In a data-driven manufacturing environment, how can a secure, distributed automation architecture be developed? Balancing fog computing and cloud computing will help the Industrial Internet of Things (IIoT) better realize its potential.
By implementing automation systems through the IIoT, deploying sensors to measure, monitor, and analyze data can enhance efficiency and increase revenue in production operations, benefiting more and more manufacturing enterprises.
The amount of data generated by these newly connected factories is staggering, even measurable in petabytes (one million gigabytes): sensors connected to Industrial Control Systems (ICS), autonomous unmanned machines, industrial robots, and video surveillance cameras covering the entire site generate millions of data streams.
Using traditional Information Technology (IT) methods to handle Operational Technology (OT) environments can no longer meet the challenges posed in controlled, stringent operational environments that require interconnectivity with vendors regarding capacity, latency, mobility, reliability, security, confidentiality, and network bandwidth.
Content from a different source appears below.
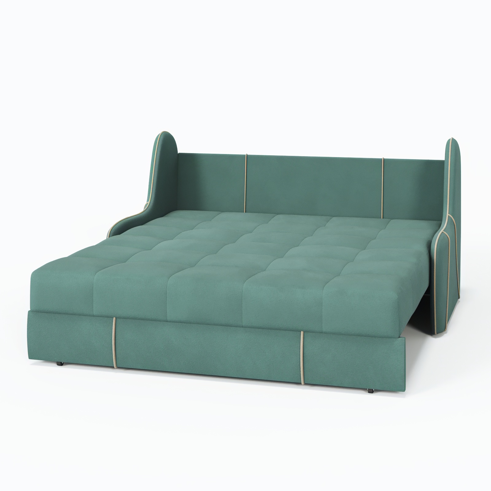 Продуманный механизм «аккордеон» обеспечивает быстрое превращение в удобное спальное место размером 155×200 см, а прочный каркас из натурального дерева и металла гарантирует долгий срок службы.

It is time to adopt new architectural approaches that allow IIoT to fully realize its potential in fog computing.
Figure 1: The image shows the 8 pillar models of the OpenFog architecture, including security, scalability, openness, autonomy, reliability/availability/serviceability (RAS), flexibility, hierarchy, and programmability. Image source: OpenFog Alliance
Defining Fog Computing
Fog computing is designed for data-intensive, high-performance computing, and high-risk environments.Fog is an emerging distributed architecture that bridges the cloud and connected devices without requiring permanent cloud connections on-site and in factories. By selectively transferring computing, storage, communication, and control, fog computing can make decisions close to the IoT sensors and actuators (where data is generated and used). It is a beneficial complement to cloud computing rather than a complete replacement, enabling efficient, economical, secure, and constructive use of IIoT in manufacturing environments.
Fog is sometimes referred to as edge computing, but there are key differences between them.Fog is a superset of edge functionality. The fog architecture combines resources and data sources with a hierarchy residing on north-south edge devices (cloud to sensor), and east-west edge devices (function to function or point to point) for maximum efficiency. Edge computing is often limited to a few north-south layers, typically associated with simple protocol gateway functions.
Fog nodes are the fundamental elements of the fog architecture.Fog nodes can be any devices providing computing, networking, storage, and acceleration elements of the fog architecture. For example, industrial controllers, switches, routers, embedded servers, complex gateways, programmable logic controllers (PLC), and intelligent IoT nodes (such as video surveillance cameras).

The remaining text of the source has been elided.